— YOUR ASSIGNMENT —
Starting at the top line, print the entries below exactly as they are and skip every picture.

— LISTED ENTRIES —
- Opening Delimiter -
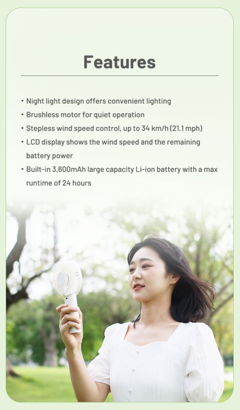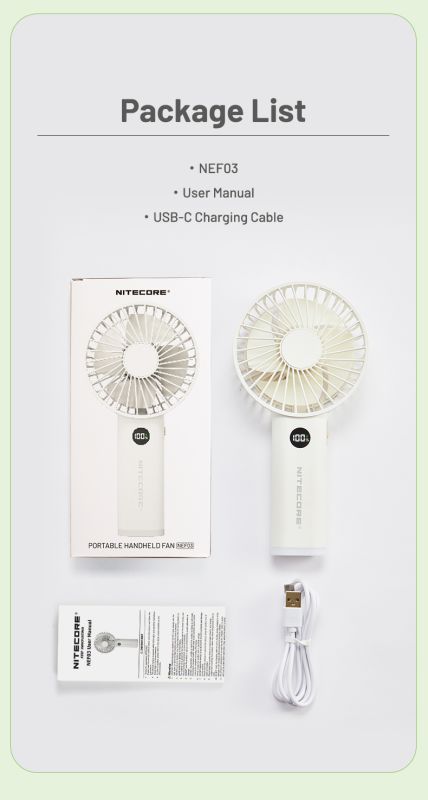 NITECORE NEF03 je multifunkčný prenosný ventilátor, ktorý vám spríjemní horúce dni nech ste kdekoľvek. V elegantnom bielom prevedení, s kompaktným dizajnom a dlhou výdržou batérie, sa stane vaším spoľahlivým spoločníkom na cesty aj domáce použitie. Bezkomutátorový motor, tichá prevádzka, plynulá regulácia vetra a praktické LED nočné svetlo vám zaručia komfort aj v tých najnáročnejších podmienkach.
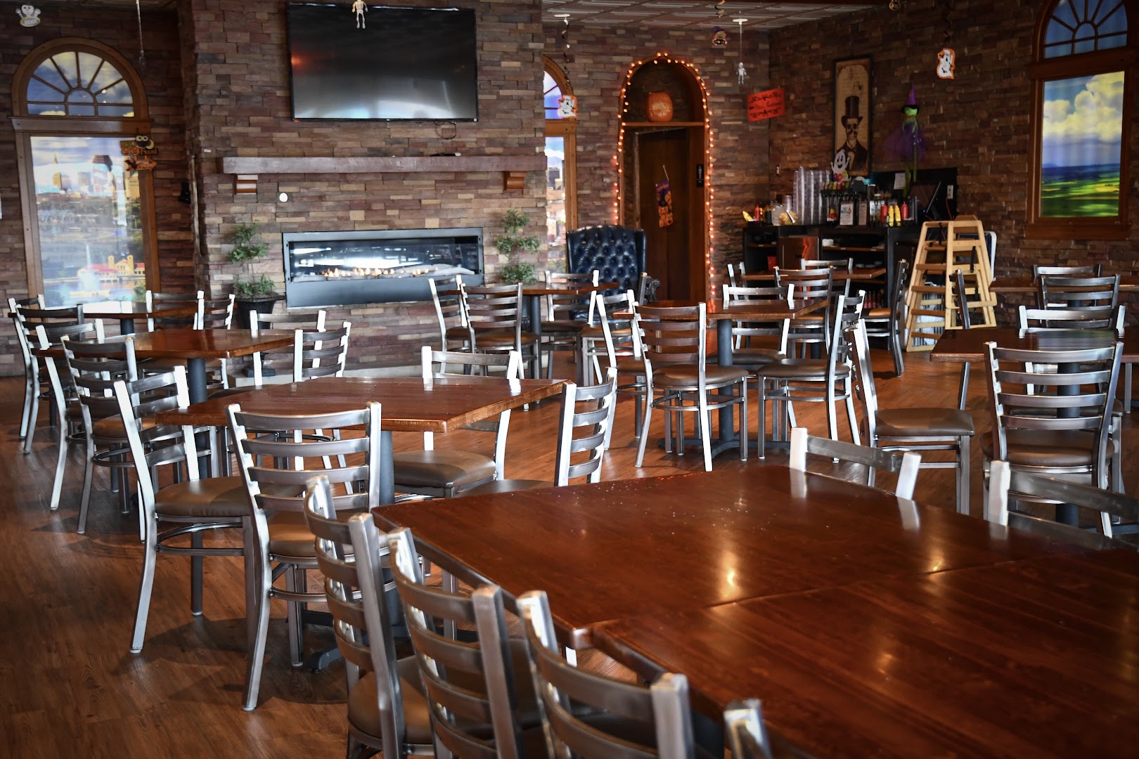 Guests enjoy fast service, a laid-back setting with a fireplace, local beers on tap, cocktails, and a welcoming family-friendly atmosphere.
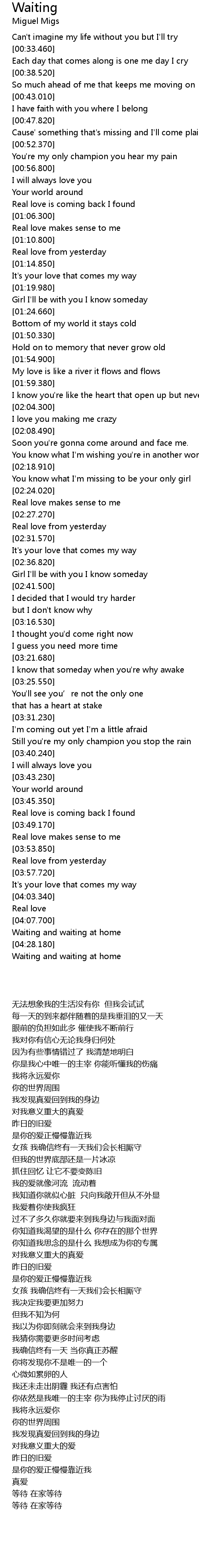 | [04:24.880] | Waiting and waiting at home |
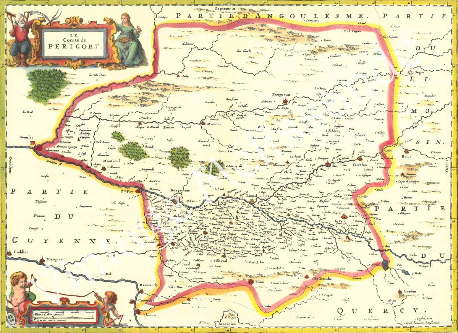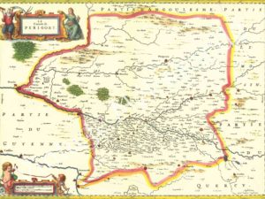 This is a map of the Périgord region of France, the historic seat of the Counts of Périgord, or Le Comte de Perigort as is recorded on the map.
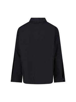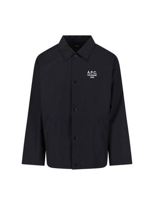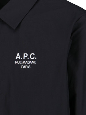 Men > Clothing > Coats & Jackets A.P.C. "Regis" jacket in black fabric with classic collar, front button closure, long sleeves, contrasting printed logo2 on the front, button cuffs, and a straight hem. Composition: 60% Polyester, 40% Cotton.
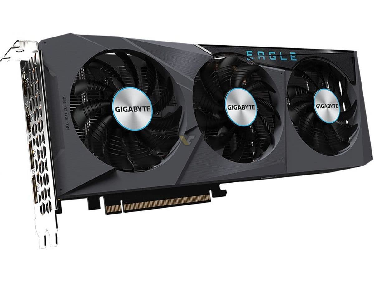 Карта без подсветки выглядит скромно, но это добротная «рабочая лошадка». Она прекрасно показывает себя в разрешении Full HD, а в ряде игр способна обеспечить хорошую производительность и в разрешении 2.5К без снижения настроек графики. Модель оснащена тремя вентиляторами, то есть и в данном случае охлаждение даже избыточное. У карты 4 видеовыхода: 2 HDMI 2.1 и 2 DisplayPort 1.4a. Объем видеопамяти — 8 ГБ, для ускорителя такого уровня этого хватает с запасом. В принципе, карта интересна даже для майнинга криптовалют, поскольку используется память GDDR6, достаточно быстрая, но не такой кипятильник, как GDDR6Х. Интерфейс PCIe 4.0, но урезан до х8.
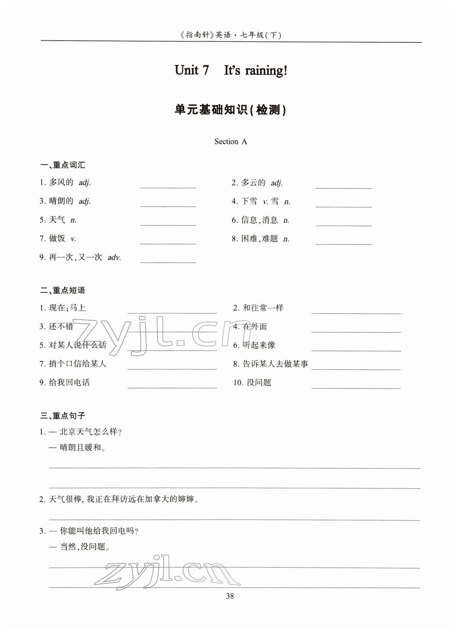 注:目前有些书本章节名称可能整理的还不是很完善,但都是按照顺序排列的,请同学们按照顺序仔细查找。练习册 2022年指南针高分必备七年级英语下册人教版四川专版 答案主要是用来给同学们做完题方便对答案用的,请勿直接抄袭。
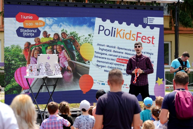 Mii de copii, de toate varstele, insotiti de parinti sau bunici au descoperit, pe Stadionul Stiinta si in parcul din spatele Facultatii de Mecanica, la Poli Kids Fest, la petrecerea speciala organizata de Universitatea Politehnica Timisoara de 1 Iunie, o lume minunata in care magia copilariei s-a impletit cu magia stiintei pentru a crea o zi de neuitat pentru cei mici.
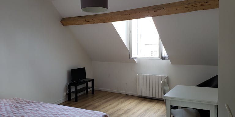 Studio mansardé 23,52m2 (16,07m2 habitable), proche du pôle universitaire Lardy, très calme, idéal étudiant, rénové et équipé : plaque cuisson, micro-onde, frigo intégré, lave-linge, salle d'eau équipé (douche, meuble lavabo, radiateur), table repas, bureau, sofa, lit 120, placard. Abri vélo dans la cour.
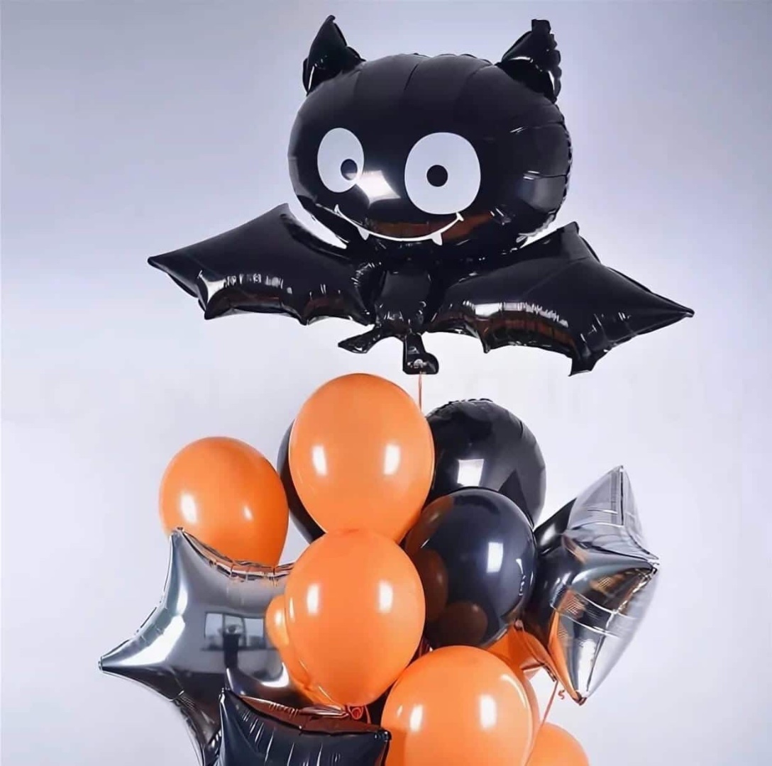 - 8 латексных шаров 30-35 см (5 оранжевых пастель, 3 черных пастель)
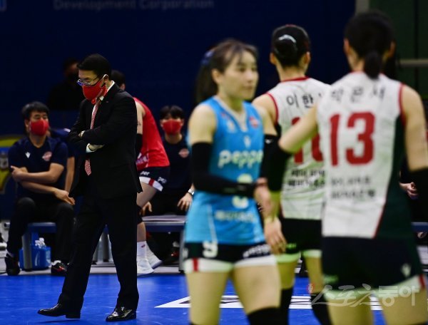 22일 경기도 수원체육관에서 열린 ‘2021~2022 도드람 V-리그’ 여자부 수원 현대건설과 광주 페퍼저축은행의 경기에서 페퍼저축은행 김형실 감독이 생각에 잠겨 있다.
- Closing Delimiter -
— EXERCISE RESPONSE —
 NITECORE NEF03 je multifunkčný prenosný ventilátor, ktorý vám spríjemní horúce dni nech ste kdekoľvek. V elegantnom bielom prevedení, s kompaktným dizajnom a dlhou výdržou batérie, sa stane vaším spoľahlivým spoločníkom na cesty aj domáce použitie. Bezkomutátorový motor, tichá prevádzka, plynulá regulácia vetra a praktické LED nočné svetlo vám zaručia komfort aj v tých najnáročnejších podmienkach.
 Guests enjoy fast service, a laid-back setting with a fireplace, local beers on tap, cocktails, and a welcoming family-friendly atmosphere.
 | [04:24.880] | Waiting and waiting at home |
 This is a map of the Périgord region of France, the historic seat of the Counts of Périgord, or Le Comte de Perigort as is recorded on the map.
 Men > Clothing > Coats & Jackets A.P.C. "Regis" jacket in black fabric with classic collar, front button closure, long sleeves, contrasting printed logo2 on the front, button cuffs, and a straight hem. Composition: 60% Polyester, 40% Cotton.
 Карта без подсветки выглядит скромно, но это добротная «рабочая лошадка». Она прекрасно показывает себя в разрешении Full HD, а в ряде игр способна обеспечить хорошую производительность и в разрешении 2.5К без снижения настроек графики. Модель оснащена тремя вентиляторами, то есть и в данном случае охлаждение даже избыточное. У карты 4 видеовыхода: 2 HDMI 2.1 и 2 DisplayPort 1.4a. Объем видеопамяти — 8 ГБ, для ускорителя такого уровня этого хватает с запасом. В принципе, карта интересна даже для майнинга криптовалют, поскольку используется память GDDR6, достаточно быстрая, но не такой кипятильник, как GDDR6Х. Интерфейс PCIe 4.0, но урезан до х8.
 注:目前有些书本章节名称可能整理的还不是很完善,但都是按照顺序排列的,请同学们按照顺序仔细查找。练习册 2022年指南针高分必备七年级英语下册人教版四川专版 答案主要是用来给同学们做完题方便对答案用的,请勿直接抄袭。
 Mii de copii, de toate varstele, insotiti de parinti sau bunici au descoperit, pe Stadionul Stiinta si in parcul din spatele Facultatii de Mecanica, la Poli Kids Fest, la petrecerea speciala organizata de Universitatea Politehnica Timisoara de 1 Iunie, o lume minunata in care magia copilariei s-a impletit cu magia stiintei pentru a crea o zi de neuitat pentru cei mici.
 Studio mansardé 23,52m2 (16,07m2 habitable), proche du pôle universitaire Lardy, très calme, idéal étudiant, rénové et équipé : plaque cuisson, micro-onde, frigo intégré, lave-linge, salle d'eau équipé (douche, meuble lavabo, radiateur), table repas, bureau, sofa, lit 120, placard. Abri vélo dans la cour.
 - 8 латексных шаров 30-35 см (5 оранжевых пастель, 3 черных пастель)
 22일 경기도 수원체육관에서 열린 ‘2021~2022 도드람 V-리그’ 여자부 수원 현대건설과 광주 페퍼저축은행의 경기에서 페퍼저축은행 김형실 감독이 생각에 잠겨 있다.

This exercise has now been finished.